- Task goal
In the material below, write out each line word for word and omit the pictures.

- Data provided

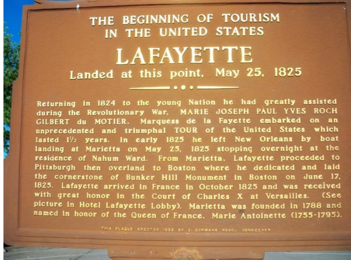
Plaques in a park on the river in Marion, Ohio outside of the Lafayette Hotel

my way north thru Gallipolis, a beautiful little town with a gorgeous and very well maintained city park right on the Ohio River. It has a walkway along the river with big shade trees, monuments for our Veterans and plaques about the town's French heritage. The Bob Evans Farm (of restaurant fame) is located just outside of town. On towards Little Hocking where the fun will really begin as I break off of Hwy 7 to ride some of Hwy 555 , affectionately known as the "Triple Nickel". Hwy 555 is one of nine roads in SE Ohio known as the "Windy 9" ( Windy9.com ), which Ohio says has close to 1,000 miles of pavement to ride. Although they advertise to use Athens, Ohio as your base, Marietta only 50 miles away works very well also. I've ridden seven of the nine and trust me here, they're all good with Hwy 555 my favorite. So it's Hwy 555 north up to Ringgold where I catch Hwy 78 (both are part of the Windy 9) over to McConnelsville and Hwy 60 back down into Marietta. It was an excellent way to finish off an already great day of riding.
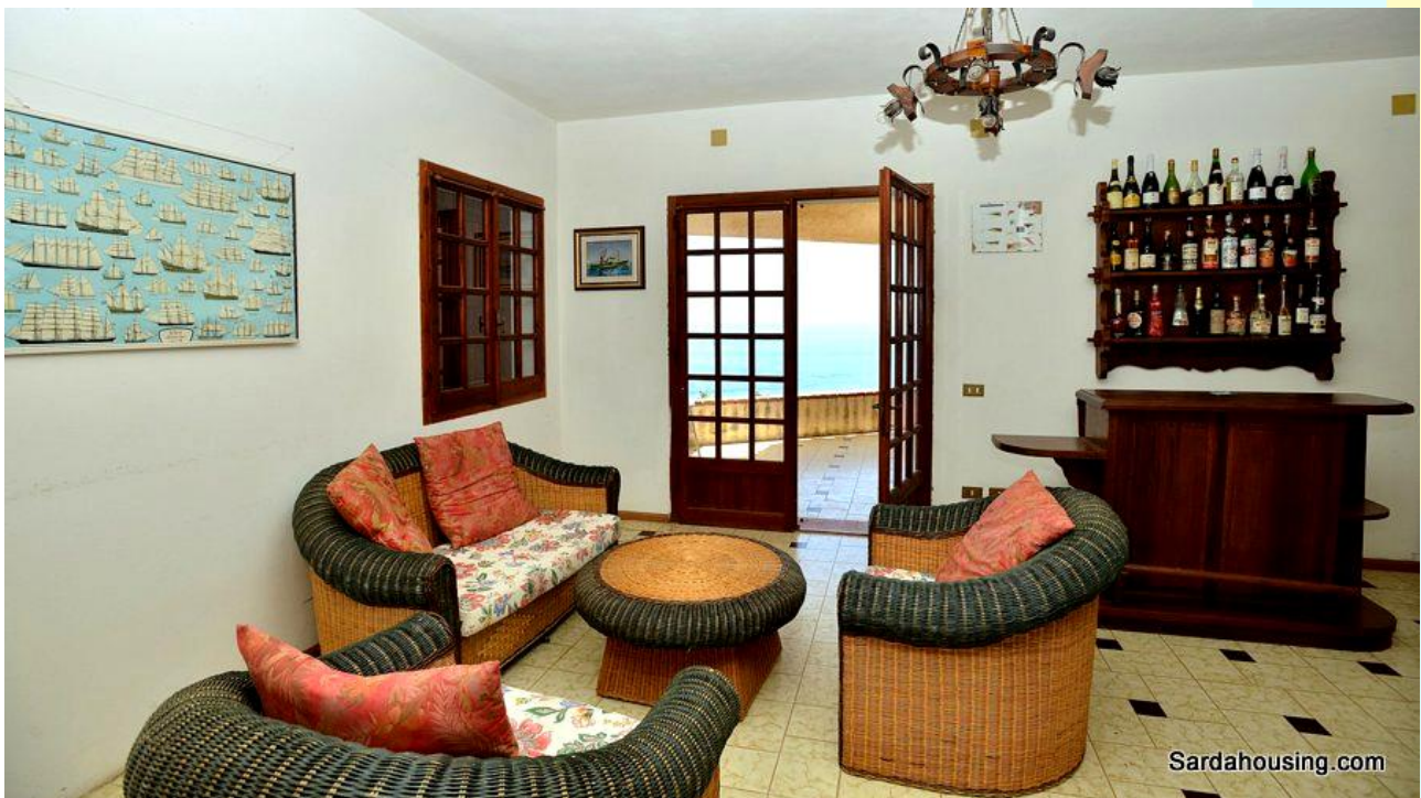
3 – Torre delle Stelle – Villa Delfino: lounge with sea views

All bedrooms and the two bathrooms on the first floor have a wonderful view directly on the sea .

- Reply to the exercise
Plaques in a park on the river in Marion, Ohio outside of the Lafayette Hotel

my way north thru Gallipolis, a beautiful little town with a gorgeous and very well maintained city park right on the Ohio River. It has a walkway along the river with big shade trees, monuments for our Veterans and plaques about the town's French heritage. The Bob Evans Farm (of restaurant fame) is located just outside of town. On towards Little Hocking where the fun will really begin as I break off of Hwy 7 to ride some of Hwy 555 , affectionately known as the "Triple Nickel". Hwy 555 is one of nine roads in SE Ohio known as the "Windy 9" ( Windy9.com ), which Ohio says has close to 1,000 miles of pavement to ride. Although they advertise to use Athens, Ohio as your base, Marietta only 50 miles away works very well also. I've ridden seven of the nine and trust me here, they're all good with Hwy 555 my favorite. So it's Hwy 555 north up to Ringgold where I catch Hwy 78 (both are part of the Windy 9) over to McConnelsville and Hwy 60 back down into Marietta. It was an excellent way to finish off an already great day of riding.
3 – Torre delle Stelle – Villa Delfino: lounge with sea views

All bedrooms and the two bathrooms on the first floor have a wonderful view directly on the sea .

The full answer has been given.